Search code examples
pythondictionarytokenizestring-parsing

Python - tokenizing, replacing words


I'm trying to create something like sentences with random words put into them. To be specific, I'd have something like:

"The weather today is [weather_state]."

and to be able to do something like finding all tokens in [brackets] and than exchange them for a randomized counterpart from a dictionary or a list, leaving me with:

"The weather today is warm."
"The weather today is bad."

or

"The weather today is mildly suiting for my old bones."

Keep in mind, that the position of the [bracket] token wouldn't be always in the same position and there would be multiple bracketed tokens in my string, like:

"[person] is feeling really [how] today, so he's not going [where]."

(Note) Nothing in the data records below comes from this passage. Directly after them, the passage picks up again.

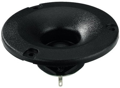 High-power tweeter with coated silk cone and horn front attachment. High efficiency far above average with a very wide bandwidth and a clear radiation. Suitable for universal use, from the HiFi range and party speakers to high-performance car HiFi applications.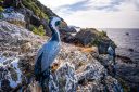 Beneath the wash, these waters are full of wonders: sea caves, pāua reefs, seaweed gardens, and New Zealand’s largest offshore bladder-kelp forest, which shelters crayfish larvae, juvenile fish, and a host of other marine animals. Endangered hoiho/yellow-eyed penguins breed on this headland, as do spotted shags and sooty shearwaters.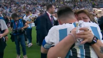 या विजयानंतर सहकाऱ्यांनी मेस्सीला खांद्यावर उचलून घेतले. मेस्सीची आई मैदानावर धावत आली अन् मुलाला घट्ट मिठी मारली.. यावेळी मेस्सी लहानमुलासारखा रडताना दिसला.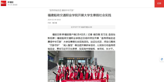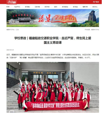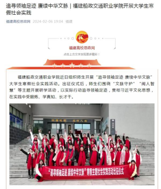 學(xué)院認(rèn)真落實(shí)福建省委教育工委要求,統(tǒng)籌部署、協(xié)同開展“追尋領(lǐng)袖足跡 賡續(xù)中華文脈”大學(xué)生寒假社會實(shí)踐,成立社會實(shí)踐隊(duì),走進(jìn)嚴(yán)復(fù)故居、嚴(yán)復(fù)博物館等場所,開展“文脈守護(hù)”“閩人智慧”等主題開展研學(xué)活動,把“小我”融入到“大我”,在社會實(shí)踐中堅(jiān)定前行方向、找準(zhǔn)人生坐標(biāo)、扛起責(zé)任擔(dān)當(dāng)。本次主題社會實(shí)踐活動得到學(xué)習(xí)強(qiáng)國福建學(xué)習(xí)平臺、福建高校思政網(wǎng)、新福建等多家媒體報(bào)道,取得了良好的育人成效和社會認(rèn)可。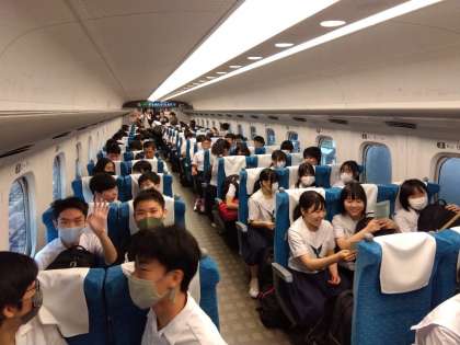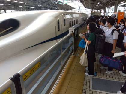 新幹線発車!練習の成果を発揮し、スムーズな乗車に成功。九州に向けて出発です。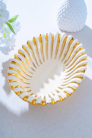 Roy King ROYKİNG LINE GOLD YAPRAK SUNUM TABAK ORTA 25-25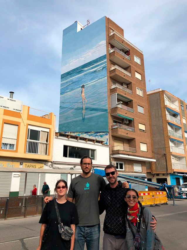 El concejal delegado de Juventud e Infancia, Guillermo Sampedro, y el coordinador artístico del festival, Vicent Sánchez ‘Bize’, han visitado junto a las artistas el resultado de este primer trabajo que da inicio a la edición del presente 2022 y que se empezó a pintar el pasado viernes en la pared medianera del edificio de la avenida Mediterráneo que hace esquina con la calle Hernán Cortés.
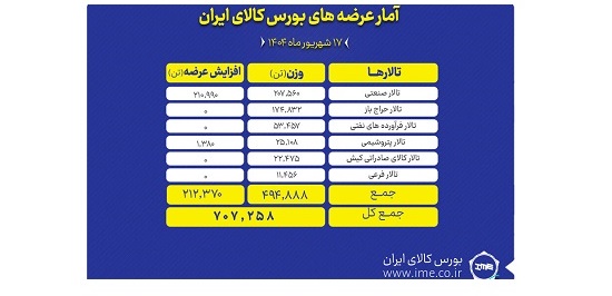 تالارهای بورس کالای ایران امروز دوشنبه ۱۷ شهریور ماه میزبان عرضه ۷۰۷ هزار و ۲۵۸ تن انواع محصول است. بیشترین عرضه امروز متعلق به تالار صنعتی است.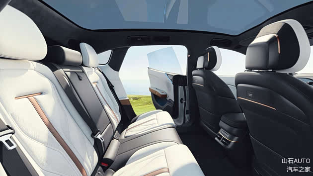 第二排的空间也很宽敞,身高178厘米的男生坐在后排,腿部空间有两拳半左右的距离,头部空间有一拳半左右的距离,座椅的填充物也很厚实,表面用真皮进行包裹,即使长时间乘坐也不会感到疲惫,在后排还具有独立空调出风口和全景天幕,提升了乘坐舒适性。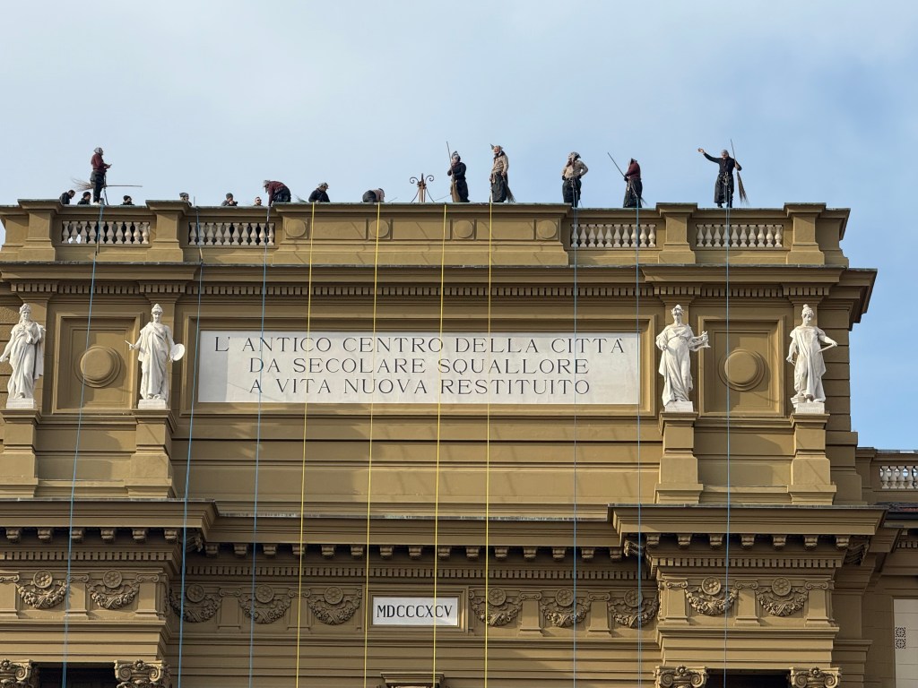 As we wandered around we came across a big group of people waiting in a square with abseiling equipment hanging from a massive arch. Like everybody else we stopped and watched. Unfortunately nothing happened and it was very unclear when it would happen. Eventually we wandered off but when we came back to the square a while later the crowd was even bigger and it was obvious something was going to happen. In Italy on the feast of the Epiphany Befana gives toys to children, basically the Italian version of Santa. Befana is an old lady, a bit like a witch, who rides on a broomstick. The people abseiling were dressed up as her and would drop in on the crowd. Unfortunately it was all very slow and didn’t hold our attention for long.

I really don't know where to start with this or is this even the best solution to use tokenize or token modules with this. Any hints that would point me in the right direction greatly appreciated!

EDIT: Just for clarification, I don't really need to use square brackets, any non-standard character will do.


Solution

  • You're looking for re.sub with a callback function:

    words = {
        'person': ['you', 'me'],
        'how': ['fine', 'stupid'],
        'where': ['away', 'out']
    }
    
    import re, random
    
    def random_str(m):
        return random.choice(words[m.group(1)])
    
    
    text = "[person] is feeling really [how] today, so he's not going [where]."
    print re.sub(r'\[(.+?)\]', random_str, text)
    
    #me is feeling really stupid today, so he's not going away.   
    

    Note that unlike the format method, this allows for more sophisticated processing of placeholders, e.g.

    [person:upper] got $[amount if amount else 0] etc
    

    Basically, you can build your own "templating engine" on top of that.